• What is needed: From the line that contains "降雪後,平房區各清雪單位採取" down to the last line of the entries, please return everything exactly, except the pictures.

• Records for the task:
^^^^^^^^^^^^^^^^
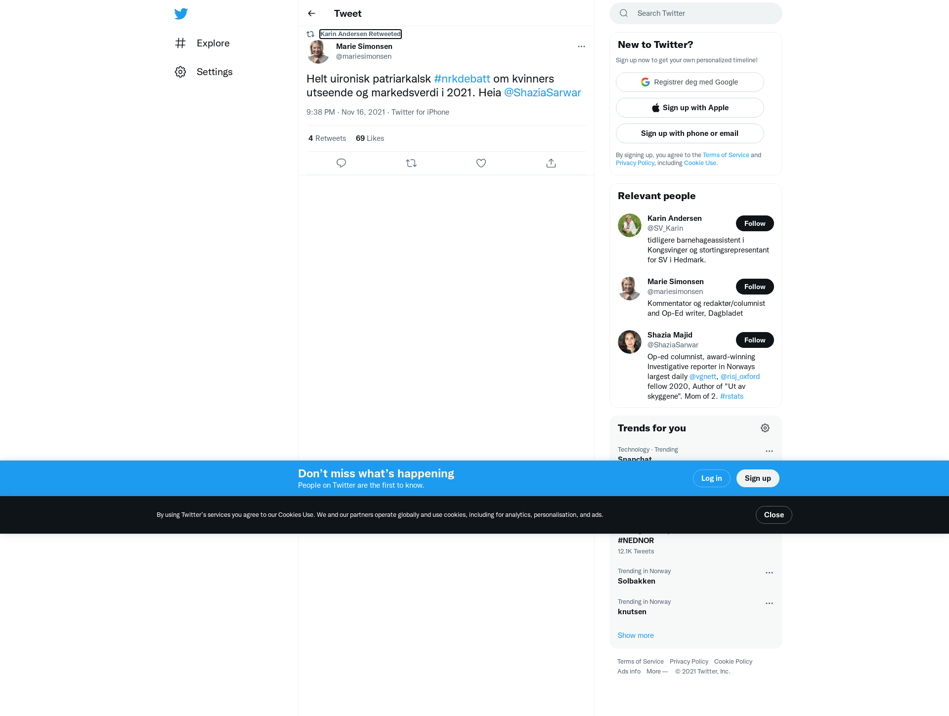 RT @mariesimonsen: Helt uironisk patriarkalsk #nrkdebatt om kvinners utseende og markedsverdi i 2021. Heia @ShaziaSarwar
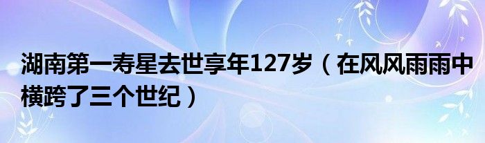 大家好,綜合小編來為大家講解下。湖南第一壽星去世享年127歲,在風風雨雨中橫跨了三個世紀很多人還不知道,現在讓我們一起來看看吧!
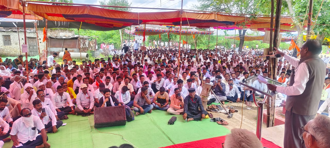 हिमायतनगर /नांदेड | विदर्भ मराठवाडा सीमेवरील पैंगनगा नदीवर सहस्त्रकुंड जलविद्युत प्रकल्पांला मंजुरी देण्याची मागणी हदगाव, उमरखेड विधानसभा मतदारसंघाचे आमदार यांनी विधानभनात केल्यानंतर बुडीत क्षेत्रात येणाऱ्या पैनगंगा नदी काठच्या शेतकऱ्यांनी गावोगावी बैठका घेऊन या प्रकल्पाला विरोध दर्शविला आहे. जान देंगे जमिन नही देंगे हा नारा देत लोकप्रतिनिधीसह सरकारच्या विरोधात एल्गार पुकारला असुन, रद्द झालेला प्रकल्प पुन्हा कुणाच्या हितासाठी उभा करीत आहात शेतकऱ्यांना सिंचनाचा प्रश्न सोडवायचा तर नदीवर बंधारे बांधा सात हजार कोटींचा प्रकल्प कशासाठी असा सवाल उपस्थित करत विदर्भ मराठवाड्यातील शेतकऱ्यांची संयुक्त महासभा सिरपल्ली येथे दिनांक 9 रोज शनिवारी संपन्न झाली आहे. सभेला जवळपास चाळीस गावचे हजारो महिला पुरुष शेतकऱ्यांनी उपस्थित राहून प्रकल्पाला कडाडून विरोध दर्शविला आहे.
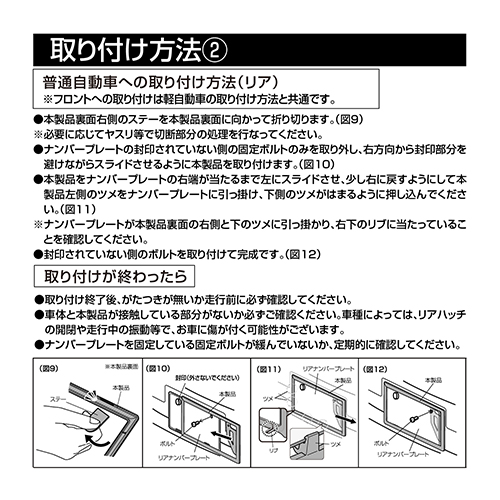 ●車の接触などによるナンバープレートの曲がりや擦り傷等を軽減します。
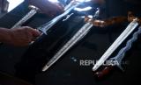 Beberapa keris dengan Tangguh Entho-Entho karya Ki Empu Sungkowo Harumbrojo di Rumah Tempa Pamor, Sleman, Yogyakarta, Rabu (21/6/2023). Ki Empu Sungkowo merupakan keturunan ke-17 Empu Supa Majapahit. Di sini memiliki ciri khas yakni membuat keris dengan Tangguh atau Gaya Entho-Entho, meskipun bisa membuat keris dengan tangguh yang lain. Selama berkiprah sejak 1995 Ki Empu Sungko sudah membuat lebih dari 250 keris, dan karyanya sudah menjangkau pasar internasional. Uniknya, seluruh proses pembuatan keris ini masih tradisi atau menggunakan tenaga manusia. (FOTO : Republika/Wihdan Hidayat)
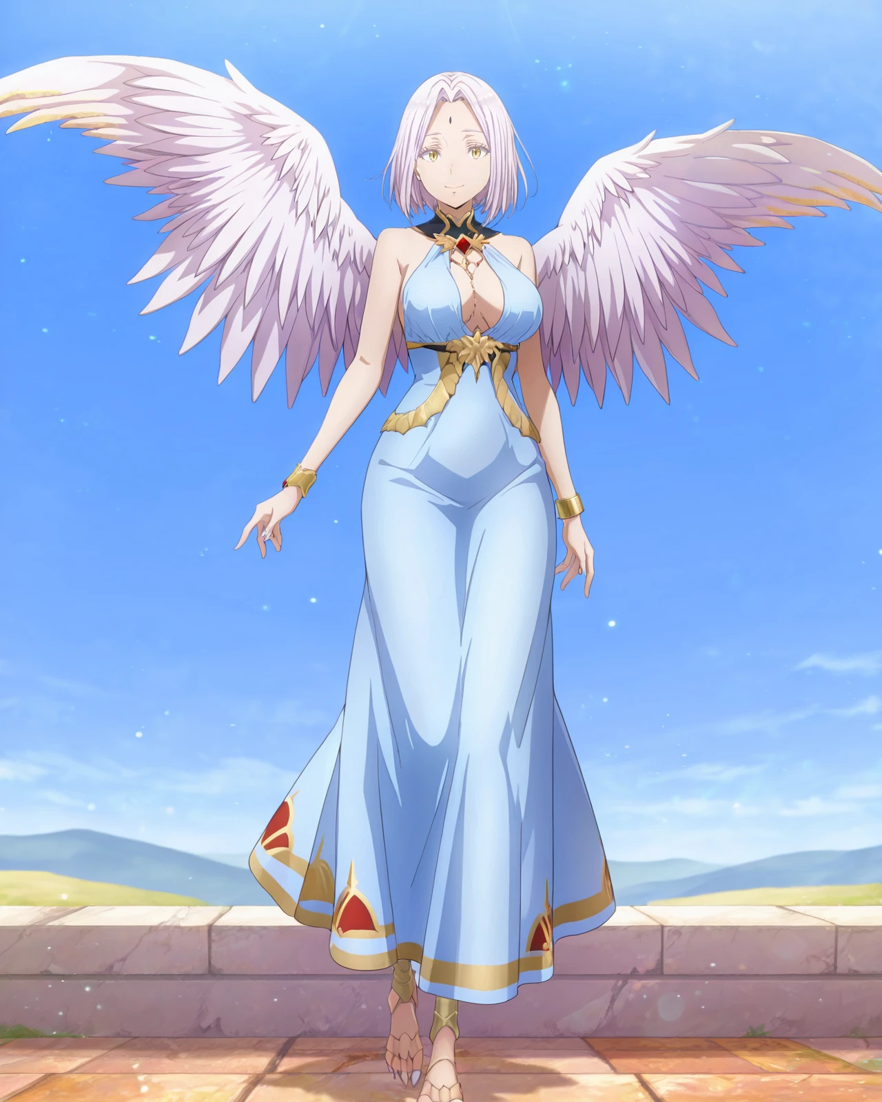 Frey (Tensei Shitara Slime Datta Ken), 1girl, wings, dress, solo, yellow eyes, feathered wings, blue dress, short hair, angel wings, white wings, bracelet, white hair, smile, jewelry, Wings of the Night Banquet
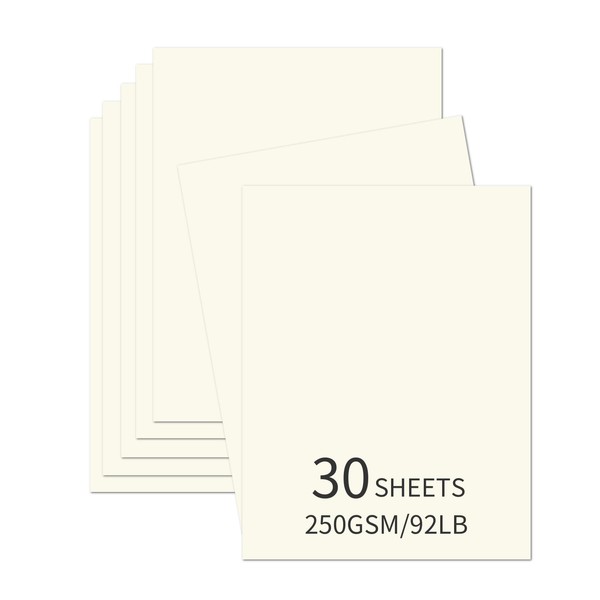 30 Sheets Cream Cardstock 8.5'' x 11'', 250gsm/92lb Heavyweight Cover Cardstock Paper, Thick and Smooth Card Stock Perfect for Invitations, Menus, Crafts, DIY Cards, Arts and Crafts
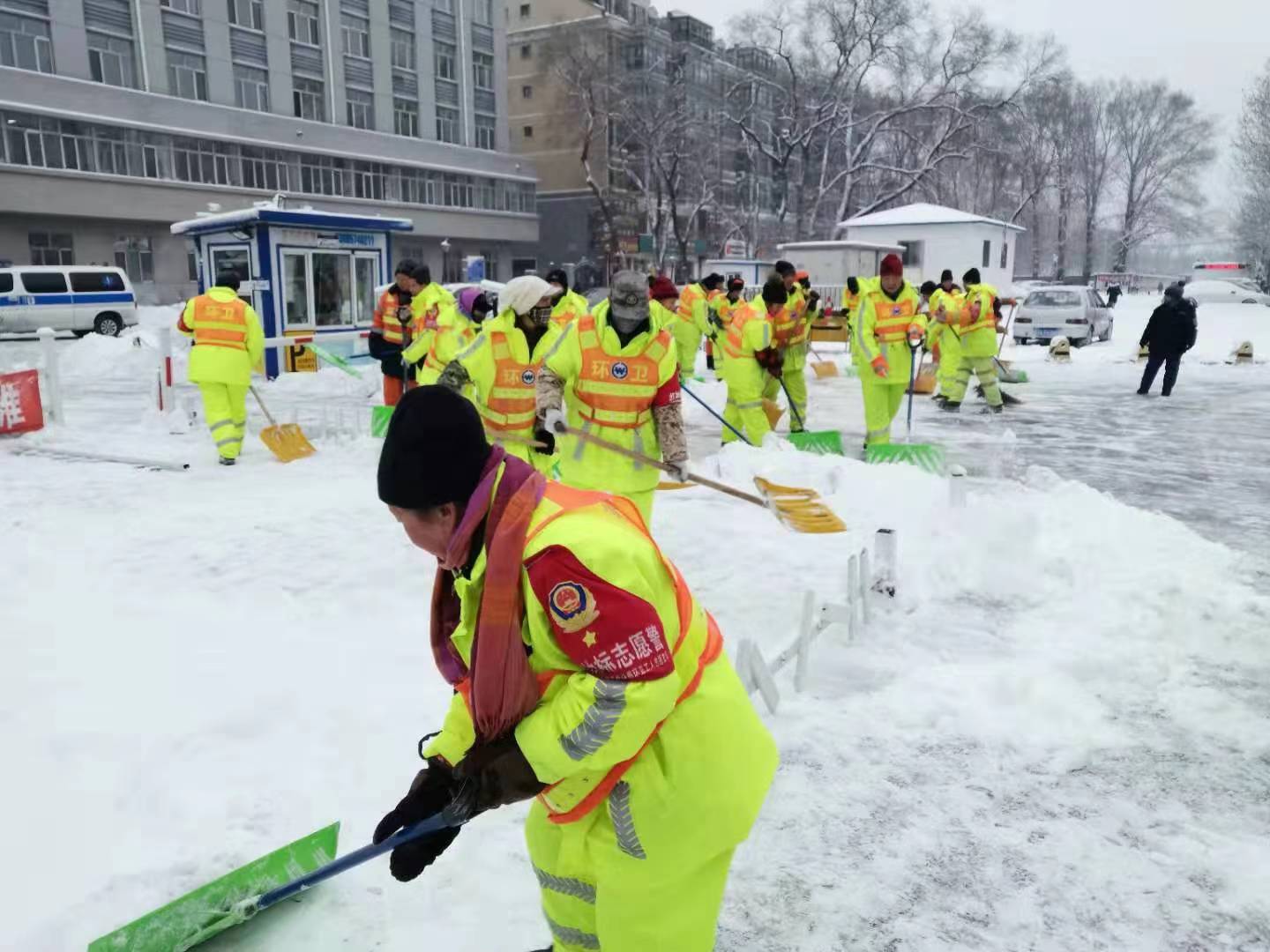 降雪後,平房區各清雪單位採取清雪滾刷車、鏟車等清雪作業機械及人工輔助相結合的循環清雪作業模式,重點對城區主幹街路、公交站台周邊、上下坡路、十字路口等處進行循環清掃,避免浮雪壓實形成冰殼,影響車輛和市民出行。同時,對平房公園、天池丁香園及各個公園遊園主廣場、主道路及出入口進行全面清掃,確保遊人通行安全。夜間清冰雪工作採取「人歇機不歇」的方式科學作業,合理調配人員班次,保障環衛工人休息和餐食。
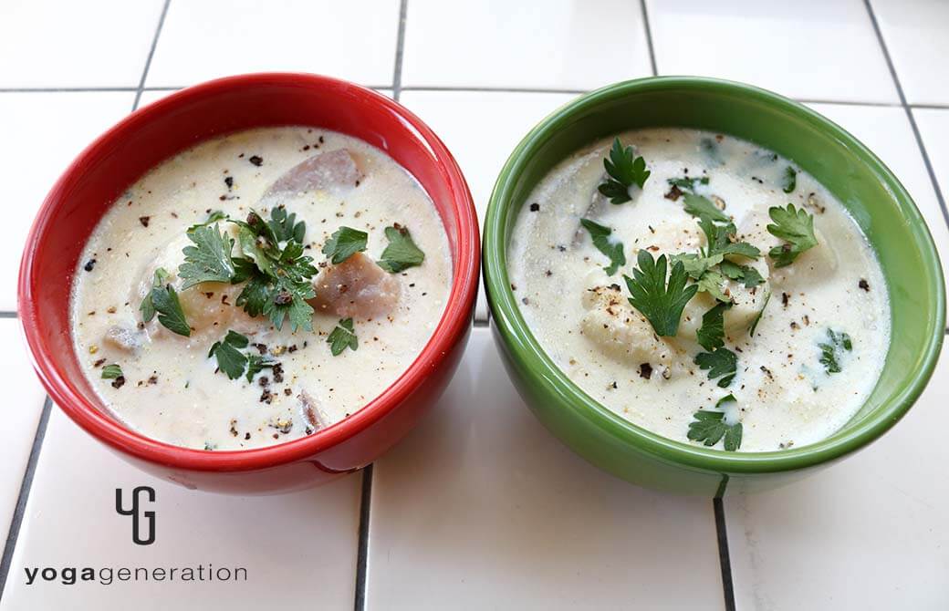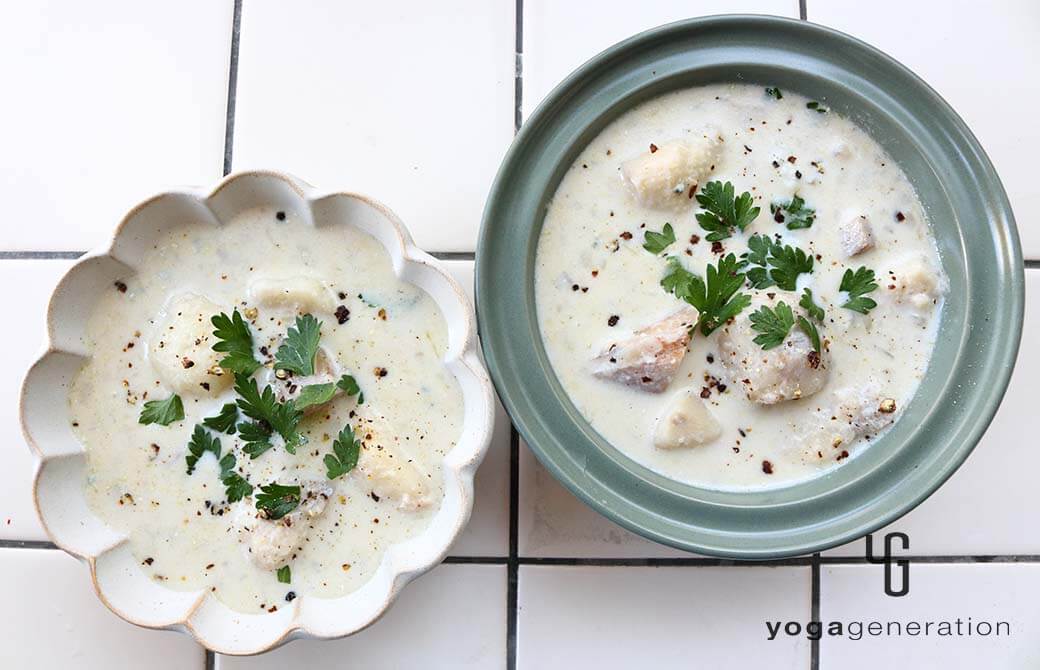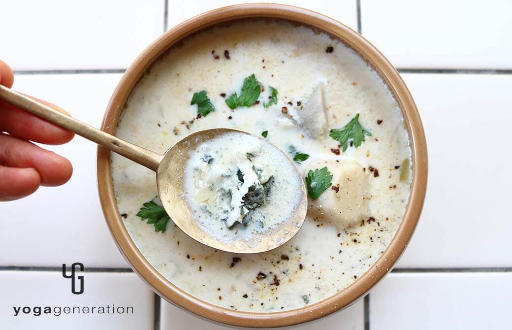 味わいに深みを!レンコンとサトイモのブルーチーズ・スープ
^^^^^^^^^^^^^^^^
• Response area:
 降雪後,平房區各清雪單位採取清雪滾刷車、鏟車等清雪作業機械及人工輔助相結合的循環清雪作業模式,重點對城區主幹街路、公交站台周邊、上下坡路、十字路口等處進行循環清掃,避免浮雪壓實形成冰殼,影響車輛和市民出行。同時,對平房公園、天池丁香園及各個公園遊園主廣場、主道路及出入口進行全面清掃,確保遊人通行安全。夜間清冰雪工作採取「人歇機不歇」的方式科學作業,合理調配人員班次,保障環衛工人休息和餐食。
 味わいに深みを!レンコンとサトイモのブルーチーズ・スープ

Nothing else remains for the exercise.